(Action item): Set down the full listing below word for word; pictures stay out of the copy.

(Available data):
+ + +

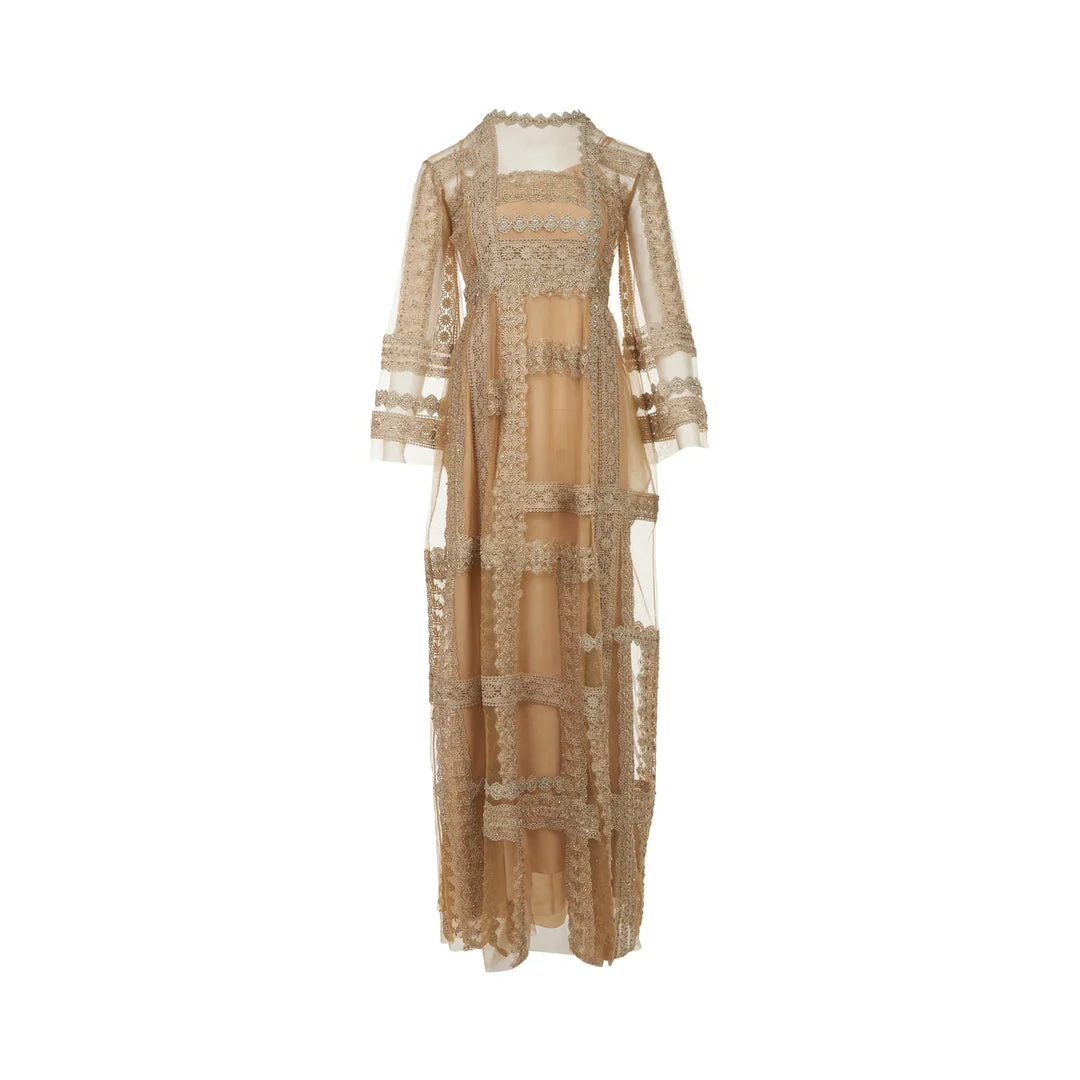 300049848GLD-SS / A5DB/FW25/022/00/GOLDEN TAN - Full-length maxi dress silhouette - Intricate beaded embellishments - Delicate tulle construction - Sheer paneling details - Long sleeves with lace trim - High neckline with ornate collar - Concealed back closure - Flowing A-line fit Biyan Itzel Beaded Tulle Full Length Dress delivers sophisticated elegance with intricate handcrafted detailing and luxurious silhouette. Made from delicate tulle fabric in warm champagne tones, featuring ornate beadwork and lace embellishments throughout the design. The dramatic floor-length construction and sheer paneling create a statement piece for special occasions and formal events.
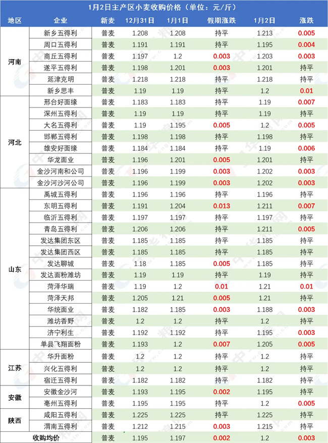 新年新氣象,進入2025年后,小麥一改12月份的頹廢疲弱行情,開啟一波轟轟烈烈上漲,并且上漲范圍和上漲幅度明顯擴大,個別廠家一天兩漲,東明五得利兩天漲1.6分,菏澤華瑞兩天漲2分(見圖1)。
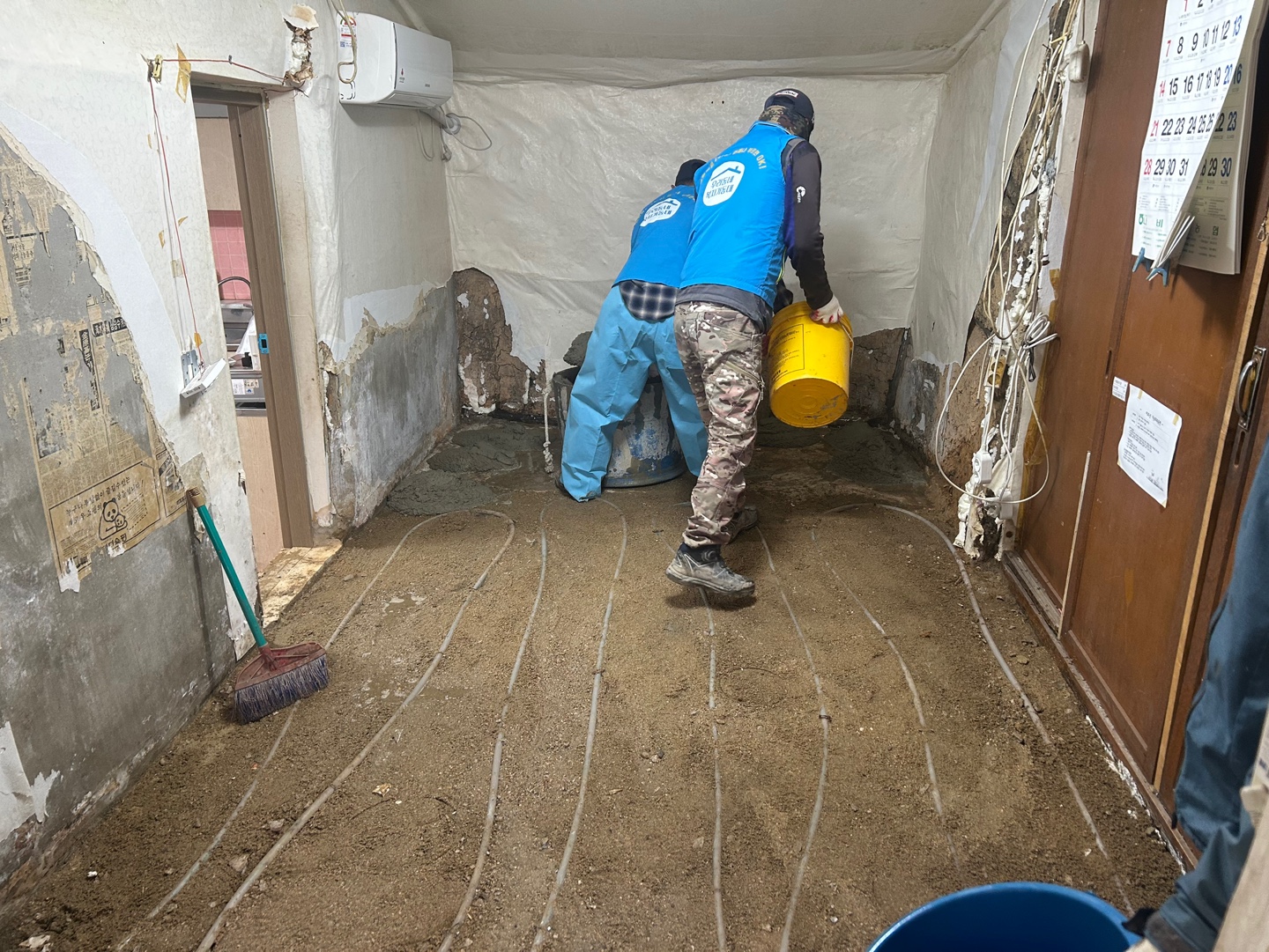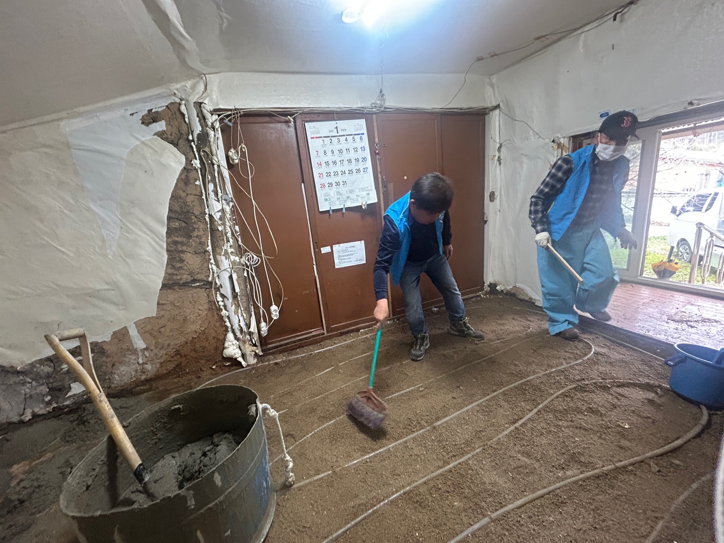 이에 나산면 복지기동대는 주거환경개선을 위해 2일차 바닥 미장 작업을 진행하였습니다.

+ + +

(Response for this exercise):
 300049848GLD-SS / A5DB/FW25/022/00/GOLDEN TAN - Full-length maxi dress silhouette - Intricate beaded embellishments - Delicate tulle construction - Sheer paneling details - Long sleeves with lace trim - High neckline with ornate collar - Concealed back closure - Flowing A-line fit Biyan Itzel Beaded Tulle Full Length Dress delivers sophisticated elegance with intricate handcrafted detailing and luxurious silhouette. Made from delicate tulle fabric in warm champagne tones, featuring ornate beadwork and lace embellishments throughout the design. The dramatic floor-length construction and sheer paneling create a statement piece for special occasions and formal events.
 新年新氣象,進入2025年后,小麥一改12月份的頹廢疲弱行情,開啟一波轟轟烈烈上漲,并且上漲范圍和上漲幅度明顯擴大,個別廠家一天兩漲,東明五得利兩天漲1.6分,菏澤華瑞兩天漲2分(見圖1)。
 이에 나산면 복지기동대는 주거환경개선을 위해 2일차 바닥 미장 작업을 진행하였습니다.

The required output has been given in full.